_RECORDS SHOWN_:
Segment Open

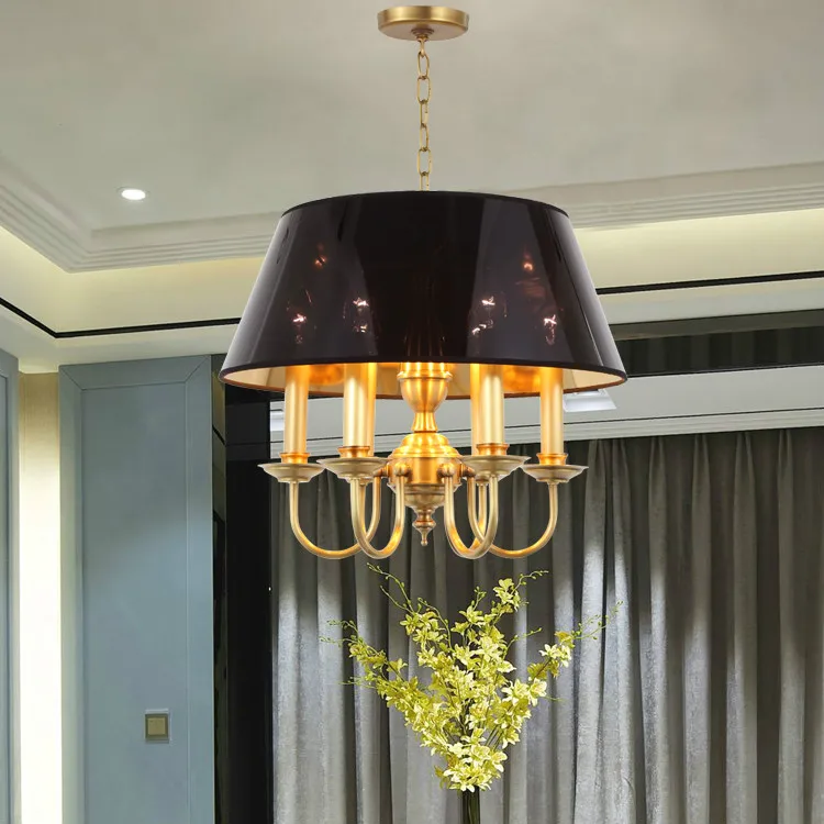 Modern European Simple Black Gold Inside Pvc Fabric Shade Pendant
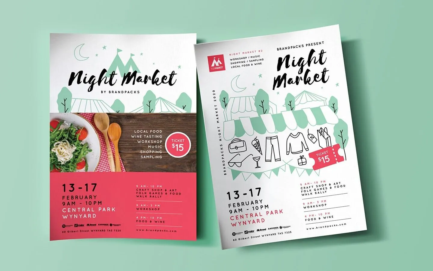 Night, local, community, farmers markets, and food, drink, etc.; festivals are to give off cordial, warm vibes to get the folks to feel welcomed and encouraged to attend. That’s the specialty of this rustic illustrated by hand.
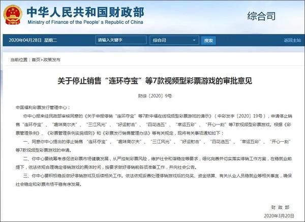 (观察者网讯)4月17日,财政部下发文件,同意了中国福利彩票发行管理中心提出的停止销售 src="https://pic2.zhimg.com/v2-f938b6269b1af21e40906df039d8a27d_b.jpg">
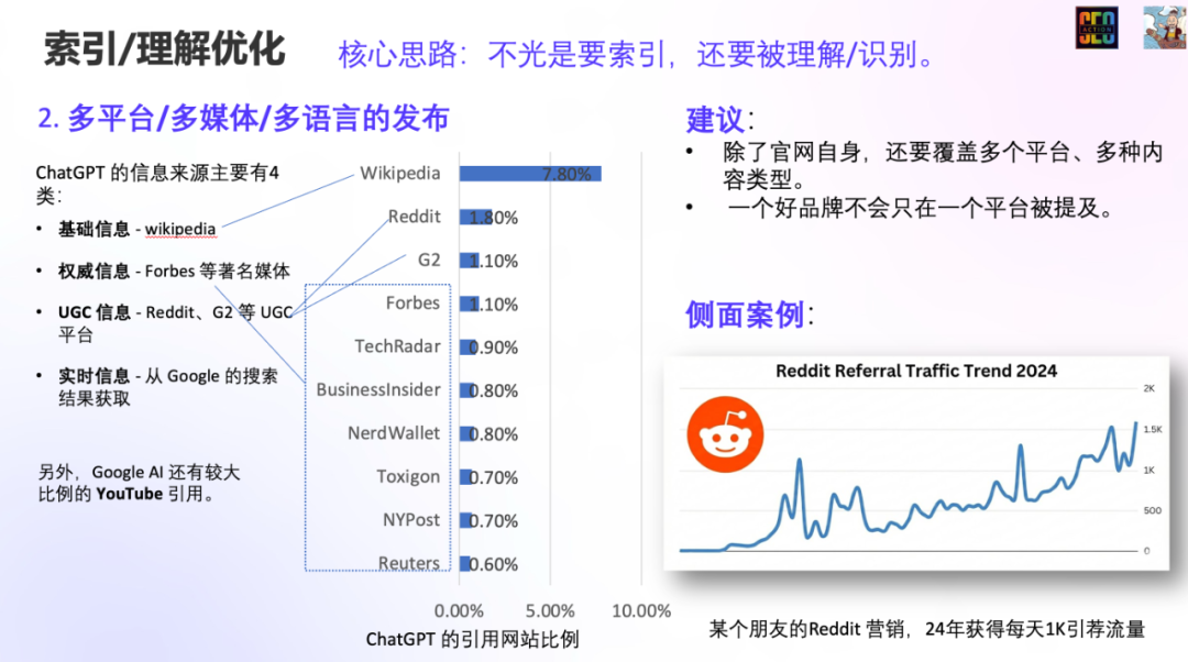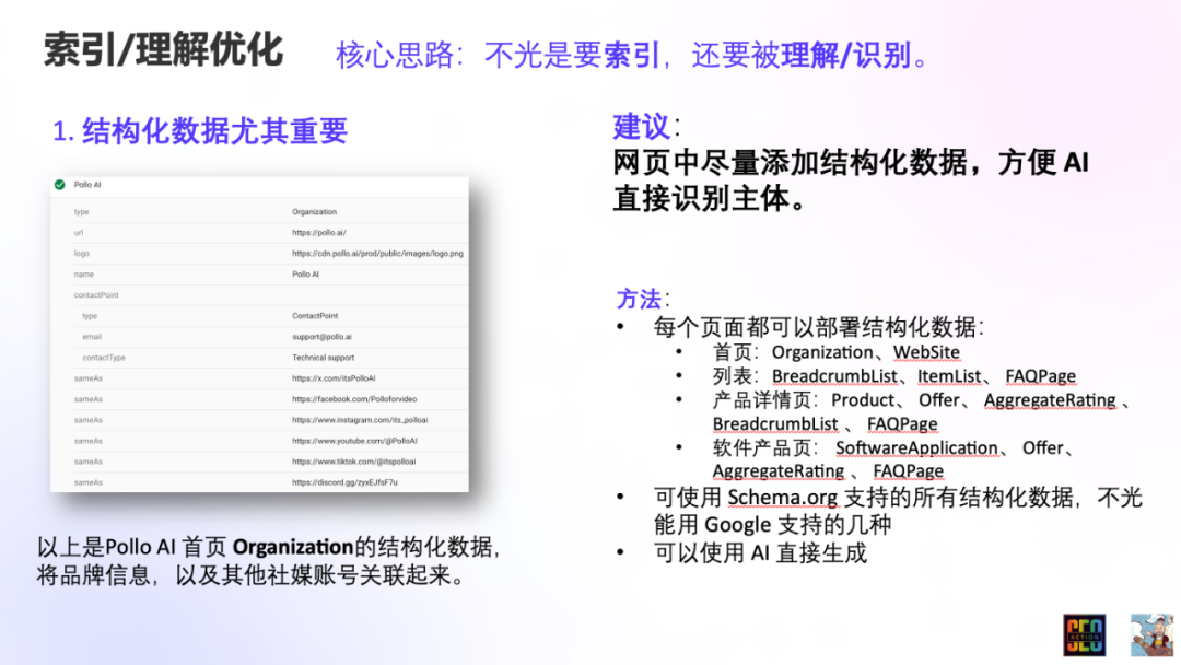 - 索引优化:结构化数据更重要了,方便 AI 爬虫识别和理解;内容要覆盖多个平台(Wiki、媒体、社交媒体等)、多种内容类型(文字、图片、视频、播客)、多种语言,这些都是 AI 的信息源
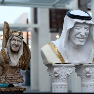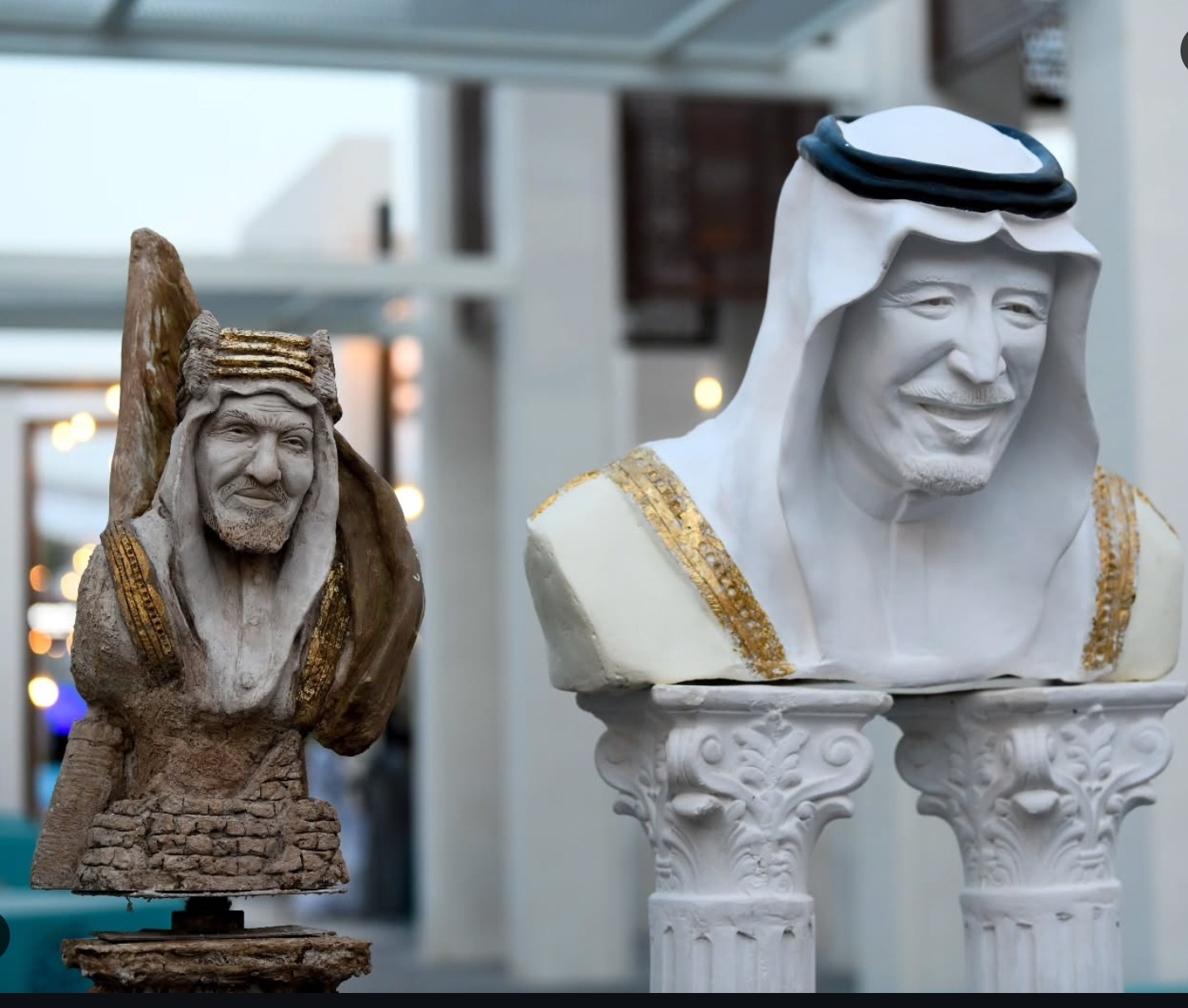 أما قاعدة المنحوتة فتحتضن ملامح شموخ حي الطريف في الدرعية، مع حضور قلاع قصر المصمك في الخلفية، لتكتمل سردية العمل بين التأسيس، والمجد، والهوية الوطنية المتجذرة.
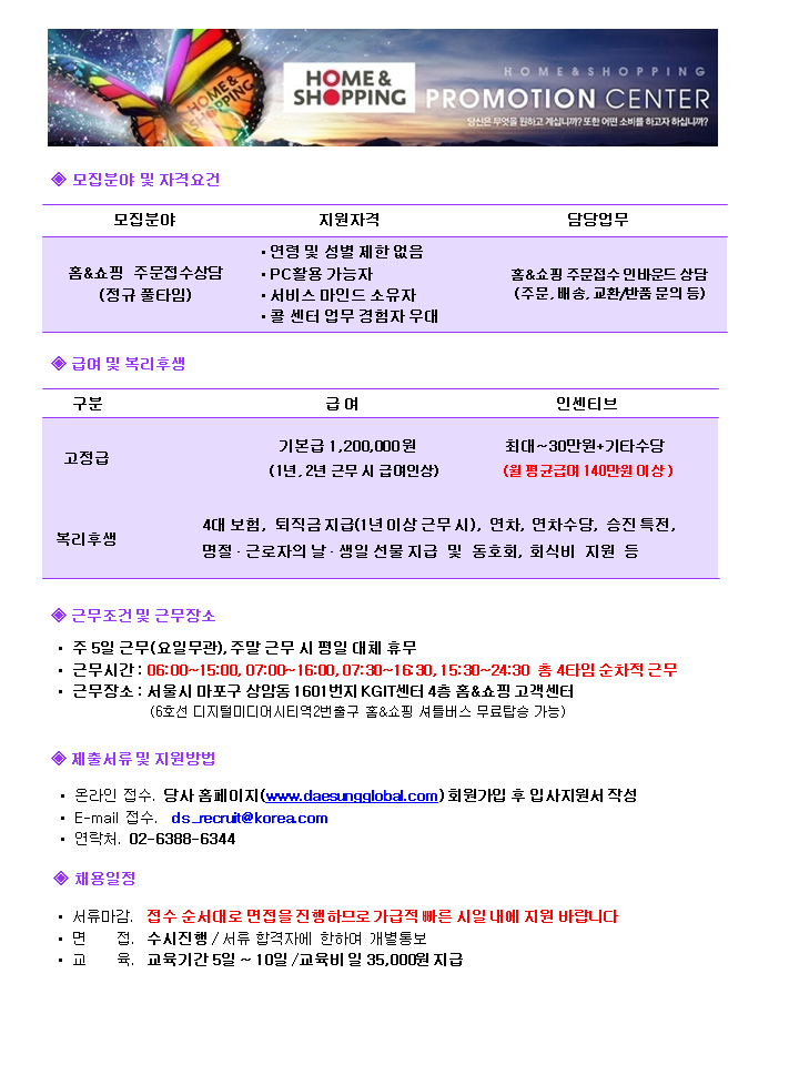 | 제목 | (마포)홈&쇼핑 주문접수 인바운드 정규상담원 모집 | ||||
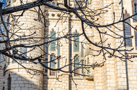 ASTORGA, SPAIN - MARCH 9, 2014: Facade detail of the neo-Gothic Episcopal Palace of Astorga, Castile and Leon, Spain. It was designed by the modernist architect Antoni Gaudi, built between 1889 and 1915
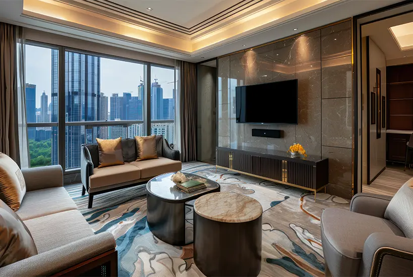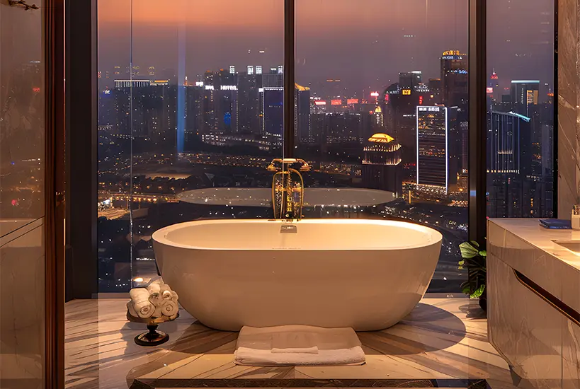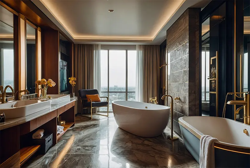 Bathrooms feature marble walls, premium fittings, and glass partitions, with solar-heated water for common bathrooms. Every detail reflects an uncompromising commitment to comfort and craftsmanship.
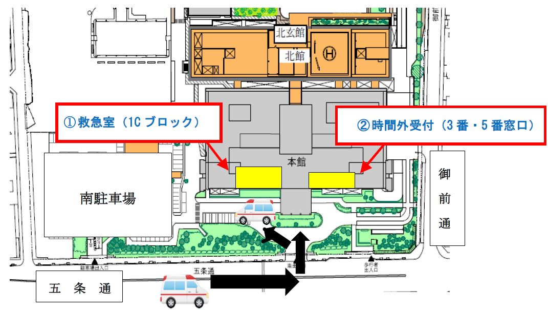 ※救急室は場所を本館に変更しておりますので、本館正面玄関からもお入りいただけます。
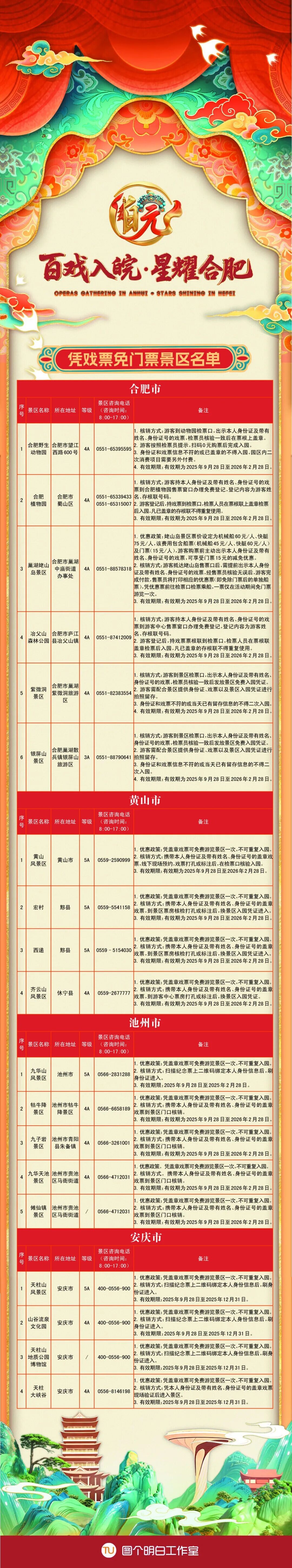 游安徽,畅享景区免费套餐。凭一张戏票,可享安徽省最知名的景点、最经典的路线、最好的产品,免费畅游黄山、九华山、天柱山,漫步西递、宏村的水墨街巷,打卡合肥市域内主要景点。带您在听戏之外,沉浸式感受安徽的山水之美、文化之韵,轻松开启一场“戏游”相融的惬意旅程。
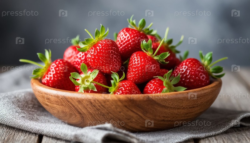 Зрелые клубники в деревянной тарелке
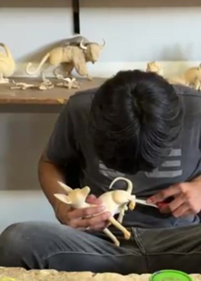 . A man is shown carving a wooden figure of a dog with a carving knife. He is sitting at a work table that has several paints and other small items on it. Behind the man on a shelf are multiple wooden figures of animals and human skulls. The man is wearing a gray tee shirt and gray jeans. He has dark hair. The figure of the dog is light colored wood. The man is focused intently on the carving process.
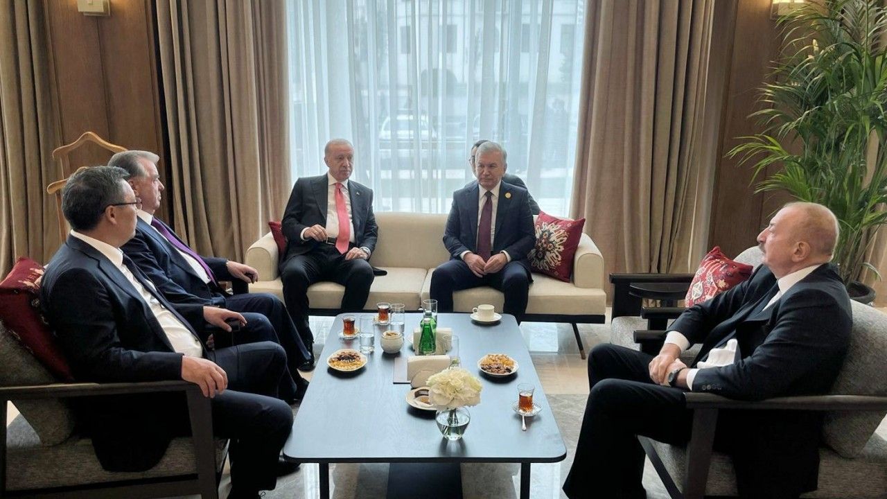 Ekonomik İşbirliği Teşkilatı (EİT) 17. Zirvesi, Azerbaycan’ın Hankendi şehrinde başlıyor. Cumhurbaşkanı Recep Tayyip Erdoğan, Fuzuli’de karşılanmasının ardından zirvenin yapılacağı Hankendi kentine geldi. Erdoğan, zirvenin yapılacağı Hankendi Kongre Merkezine gelişinde Azerbaycan Cumhurbaşkanı İlham Aliyev tarafından karşılandı. Erdoğan’ın yanı sıra diğer liderler de Aliyev tarafından tek tek karşılandı. Erdoğan ve zirveye katılan liderler karşılamanın ardından zirve öncesinde aile fotoğrafı çektirdi. Liderler daha sonra zirveye geçti.
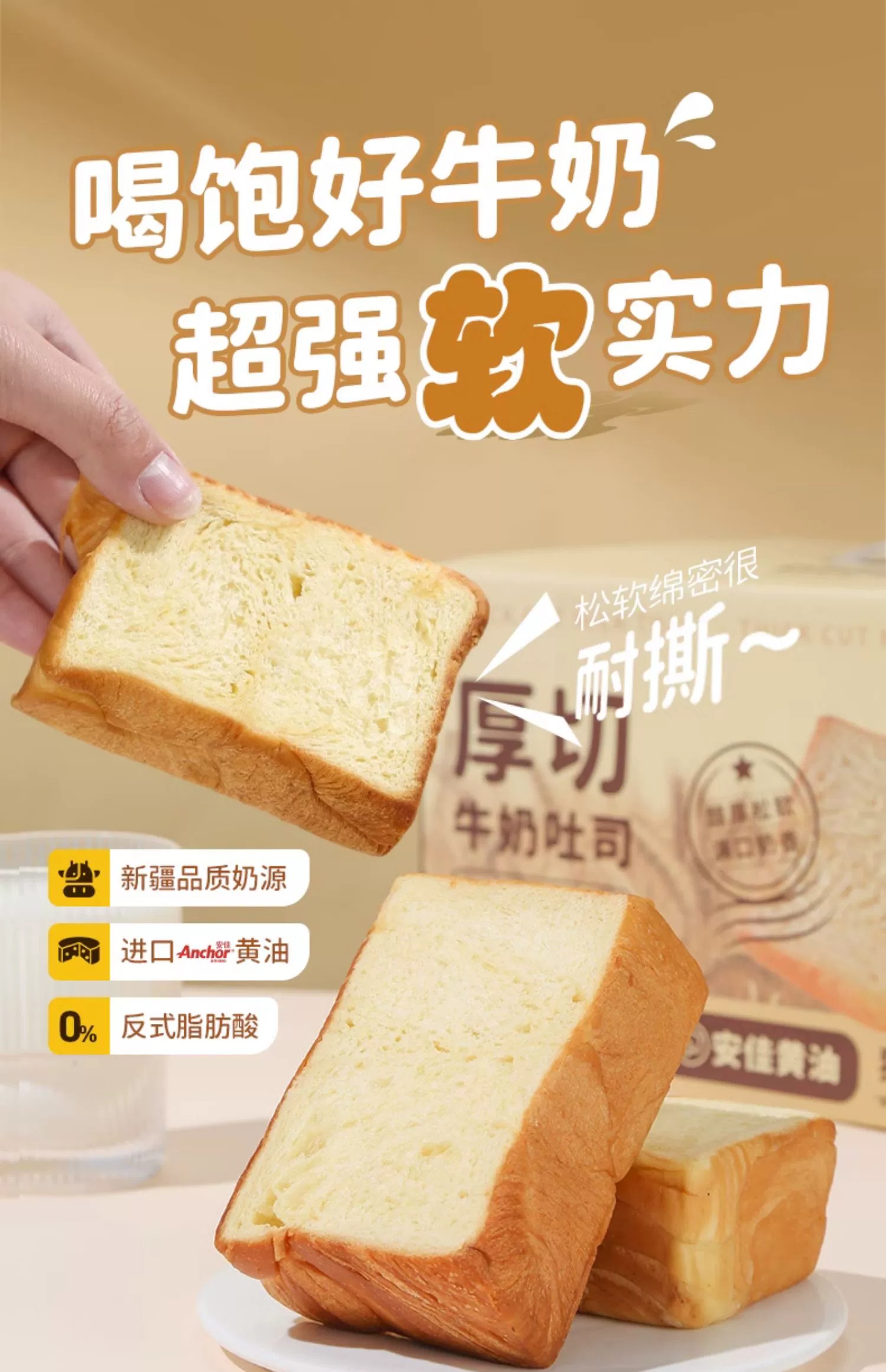 【切糕王子厚切牛奶吐司】选用新疆纯牛奶&新西兰进口安佳黄油,奶香浓郁,口感超软超饱腹
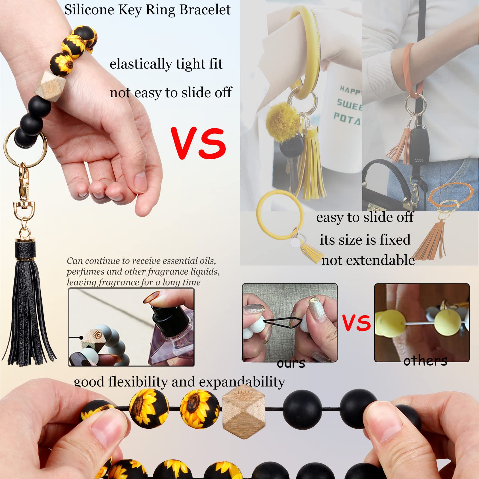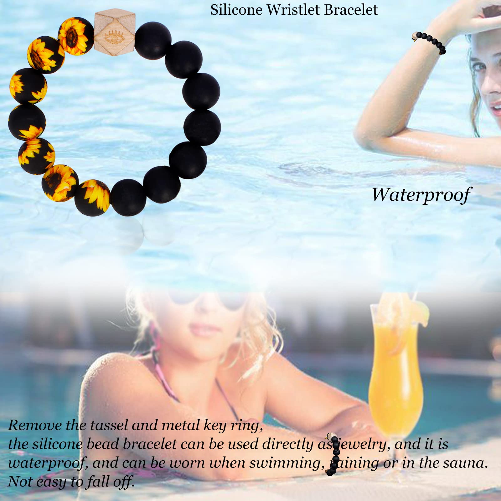 Comfortable to wear and Waterproof silicone beads:The smooth surface of the beads rolls smoothly on your wrist. The natural wooden bead can be continued to receive essential oils, perfumes and other fragrance liquids, leaving fragrance for a long time. This silicone beaded bracelet keychain tassel is not fall off as other wristlet band as picture show.Note only silicone beads is waterproof, not other parts.
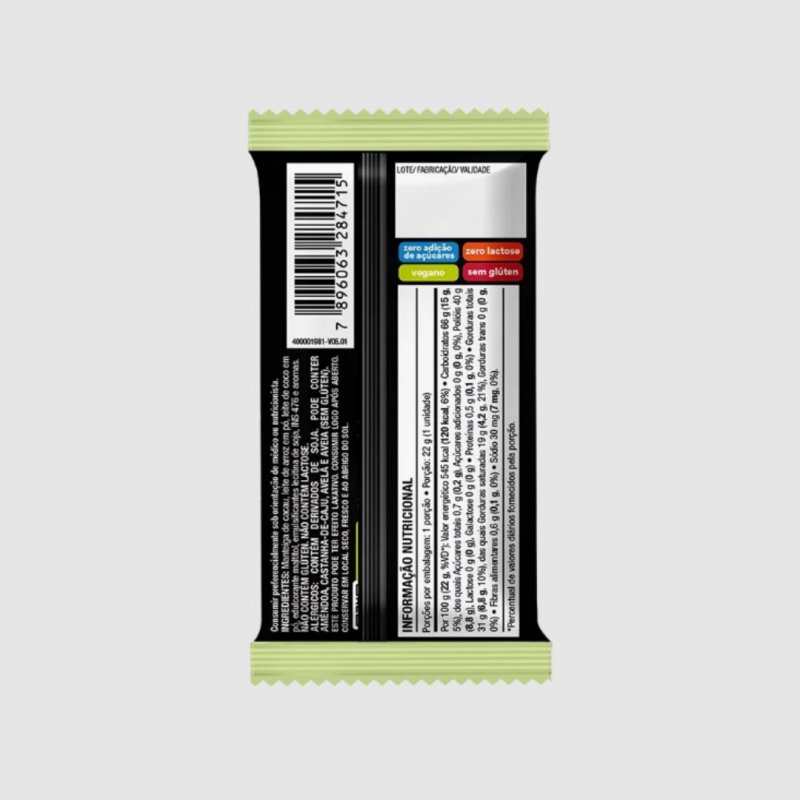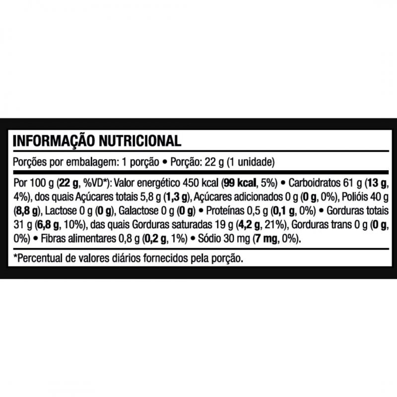 INGREDIENTES: Manteiga de cacau, leite de arroz em pó, leite de coco em pó, edulcorante maltitol, emulsificantes lecitina de soja e INS 476 e aromas. NÃO CONTÉM GLÚTEN.

Segment Closed

_EXERCISE REQUIREMENTS_: Only the line with "Night, local, community, farmers" and those preceding it, back to the first line of the entries, should be repeated exactly, without pictures.

_ANSWER SECTION_:
 Modern European Simple Black Gold Inside Pvc Fabric Shade Pendant
 Night, local, community, farmers markets, and food, drink, etc.; festivals are to give off cordial, warm vibes to get the folks to feel welcomed and encouraged to attend. That’s the specialty of this rustic illustrated by hand.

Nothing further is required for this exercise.